Elle essaya d’échapper à certaines évocations aussi fugaces qu’embrouillées où deux corps dénudés s’entrelaçaient, mais le claquement régulier des sabots de Roumi cadençait ces rêveries qu’elle jugeait honteuses. Il suffisait que cette fille un peu trop charnelle se vautre sur le divan pour qu’elle s’encombre malgré elle de pensées déplacées. Elle finit par sauter en marche pour prendre la bride de Roumi qui hennit doucement de satisfaction. Il appuya son chanfrein contre sa joue et elle lui parla pour dissiper son malaise.

— Mais où êtes-vous donc ? Ce cheval marche tout seul ?

Sonia se risqua au-dehors et la découvrit à côté de Roumi.

— Ah, bon ! Mais pourquoi ne restez-vous pas sur votre siège de conductrice ? Il n’a pas besoin de votre aide ce canasson.

— Je le soulage, répliqua sèchement Zélie.

Sonia eut un rire canaille, déplaisant :

— Vous ne devriez pas dire ainsi.

— Comment voulez-vous que je dise ? Aujourd’hui il a un peu plus de poids à tirer.

— Dites que je suis énorme, se fâcha Sonia.

Puis elle recommença à rire en répétant « je le soulage, je le soulage ».

— Si vous saviez ce que ça signifie vous éviteriez de le dire.

— Faut-il toujours que vous trouviez un double sens détestable aux paroles les plus usuelles ? Ici personne ne cultive ce goût douteux et nul ne se choquerait que je m’exprime ainsi.

— Bon ça va, si vous voulez être ridicule à votre aise, mais je suis sûre que les bonshommes, même les bouseux de par ici doivent bien rigoler sous cape à vous entendre.

Certainement rouge sur tout le corps Zélie ne répondit pas, continua de marcher aux côtés de Roumi, qui paraissait ne pas apprécier le ton aigu de la voix étrangère l’assaillant sans qu’il en voie la propriétaire. Il n’avait pas dû aimer également d’être traité de canasson. Ce n’était pas un animal ordinaire et avec Jean et elle-même il avait mémorisé un certain nombre de mots.

— C’est la bonniche qui m’a dit que vous aviez dîné avec le capitaine ? Il vous a fait des propositions ? Méfiez-vous car lui il sait vous enrober et vous faire de belles promesses. Excusez-moi pour hier au soir, j’étais un peu partie et furieuse que Savane vous ait invitée. Qui c’est le joli garçon qui venait aussi se coucher derrière vous ? Je ne l’ai jamais vu.

Zélie ne répondit pas.

— Bon vous faites la tête et je l’ai peut-être mérité, mais on va continuer comme ça toute la journée ? Quand allez-vous me photographier ?

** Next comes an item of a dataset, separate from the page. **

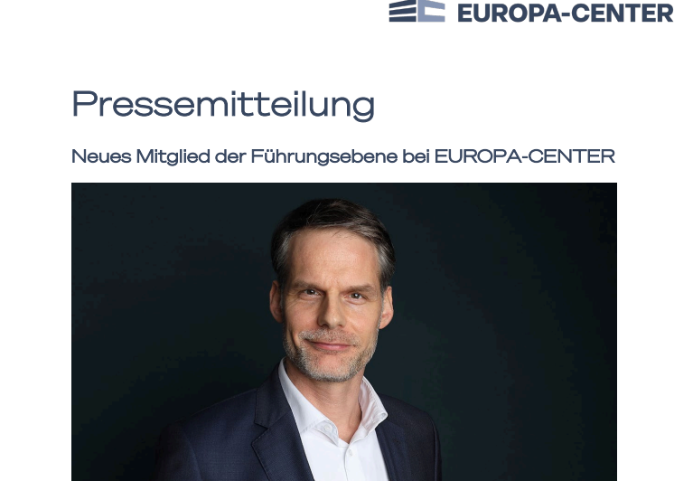 „Mit Friedrich Traub gewinnen wir einen ausgewiesenen Vermietungsexperten, der unsere Projekte mit hoher Marktkenntnis und strategischem Blick weiterentwickeln wird“, sagt Andreas Jantzen, Vorstand Immobilien der EUROPA-CENTER AG.

— Dans un instant. Nous irons dans un endroit discret. Et j’attends que le soleil se dégage de ces brumes.

Elle se souvenait de ce que lui avait dit la jeune femme la veille en fin d’après-midi, avant qu’elle ne descende rejoindre le capitaine.

— Quelles tournées faisiez-vous autrefois ? Vous m’avez bien parlé de tournées ?

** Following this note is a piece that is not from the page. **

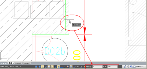 6、对象捕捉改进:当打开等分捕捉和距端点捕捉时,浩辰CAD2018状态栏会显示等分数和距离输入框,用户无需打开捕捉对话框就可随时调整等分数和距端点的距离,操作更方便。

— J’ai dit ça moi ? Vous avez mal entendu.

— Pas du tout. Mon mari et moi disions ainsi, que nous faisions nos tournées de printemps et celles d’automne. Les marchands forains font aussi des tournées, les troupes de théâtre, les bateleurs, des tas de gens font des tournées y compris les ramoneurs. L’étameur de Leucate par exemple.

Ce silence dissimulait-il quelque chose de honteux, d’inavouable ? Zélie avait entendu dire que des filles légères se lançaient ainsi dans les campagnes avec des voitures aménagées pour attirer les hommes et leur argent. Mais on n’en avait jamais vu dans les Corbières.

— Je vendais des tissus, déclara la jeune femme, depuis le fourgon, avec un ami.

Zélie eut l’impression qu’elle mentait et qu’elle regrettait d’avoir parlé de tournées, ce qui la rendait encore plus soupçonneuse. Sonia Derek lui paraissait être du genre à mener une vie crapuleuse.

— Nous allons nous arrêter là-bas dans cette ancienne carrière. Préparez-vous pour la photographie.

— Pourquoi ? Vous me trouvez laide ? C’est vrai que j’ai un peu la gueule de bois comme si j’avais fait la noce toute la nuit mais c’est pas le cas.